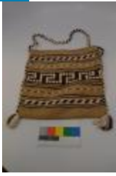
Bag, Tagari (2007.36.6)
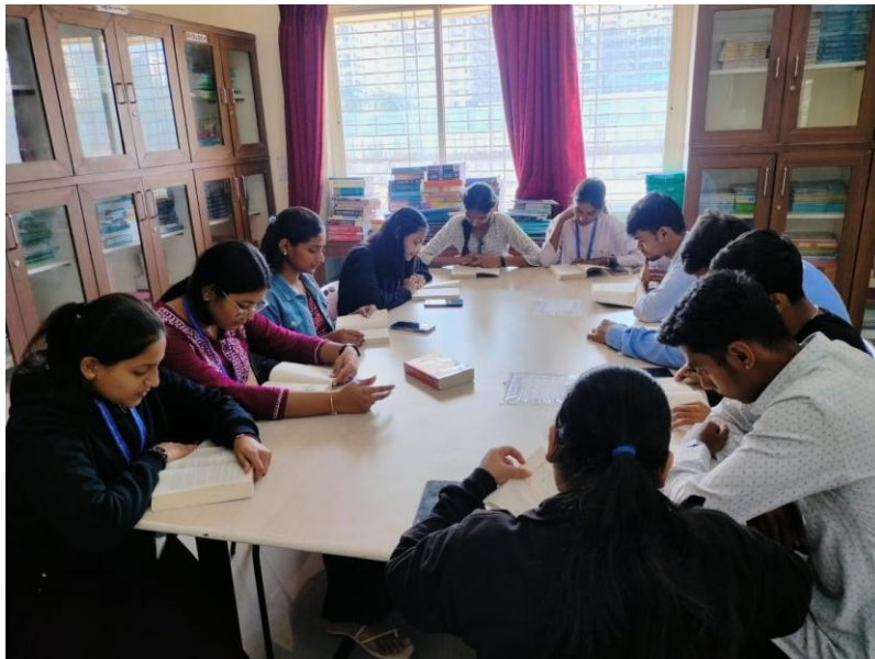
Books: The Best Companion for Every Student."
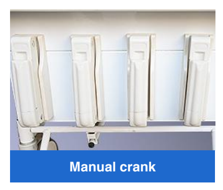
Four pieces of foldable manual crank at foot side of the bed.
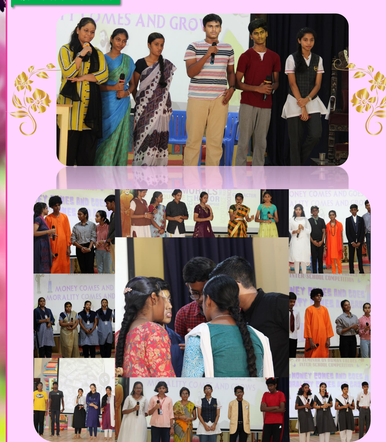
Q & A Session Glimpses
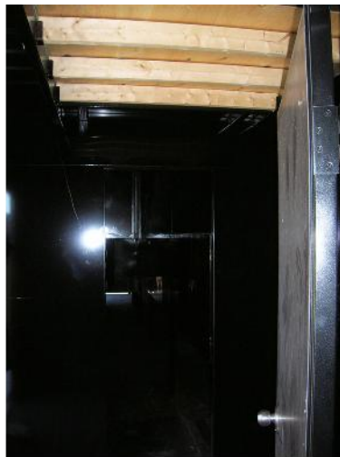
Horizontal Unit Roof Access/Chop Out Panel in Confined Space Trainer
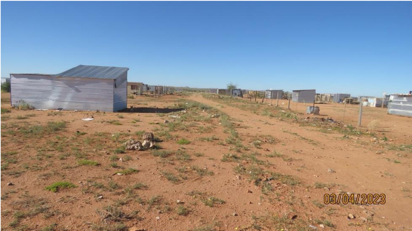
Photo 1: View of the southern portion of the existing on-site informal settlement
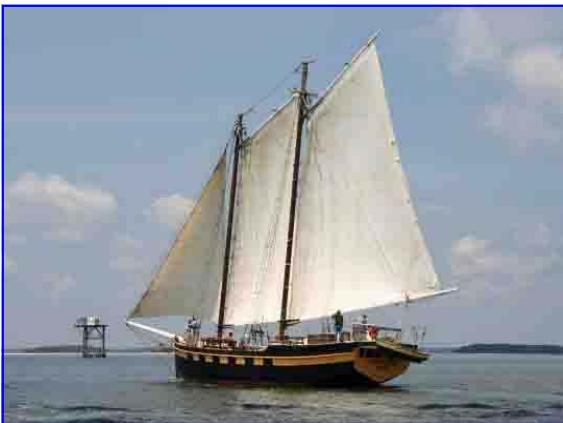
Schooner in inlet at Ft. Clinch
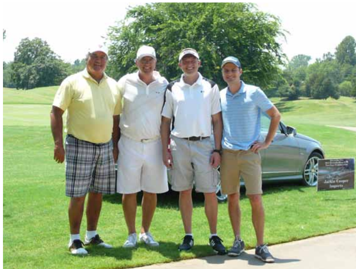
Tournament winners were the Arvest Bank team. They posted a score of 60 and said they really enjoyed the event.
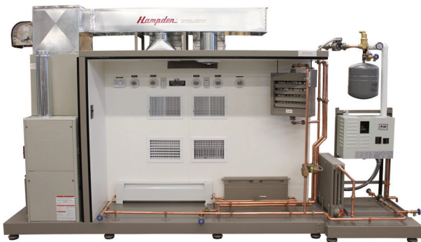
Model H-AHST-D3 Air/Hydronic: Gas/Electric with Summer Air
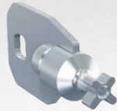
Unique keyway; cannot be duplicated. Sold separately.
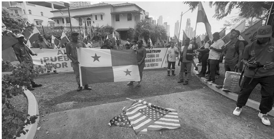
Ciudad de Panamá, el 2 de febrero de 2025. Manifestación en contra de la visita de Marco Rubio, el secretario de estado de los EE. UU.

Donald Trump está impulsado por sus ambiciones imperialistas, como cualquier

################

## Work to be completed
The final stretch of the data, from the line with "Tournament winners were" through its last line, is to be retyped exactly; pictures are not part of the copy.

## Response to the exercise
Tournament winners were the Arvest Bank team. They posted a score of 60 and said they really enjoyed the event.
Model H-AHST-D3 Air/Hydronic: Gas/Electric with Summer Air
Unique keyway; cannot be duplicated. Sold separately.
Ciudad de Panamá, el 2 de febrero de 2025. Manifestación en contra de la visita de Marco Rubio, el secretario de estado de los EE. UU.

Donald Trump está impulsado por sus ambiciones imperialistas, como cualquier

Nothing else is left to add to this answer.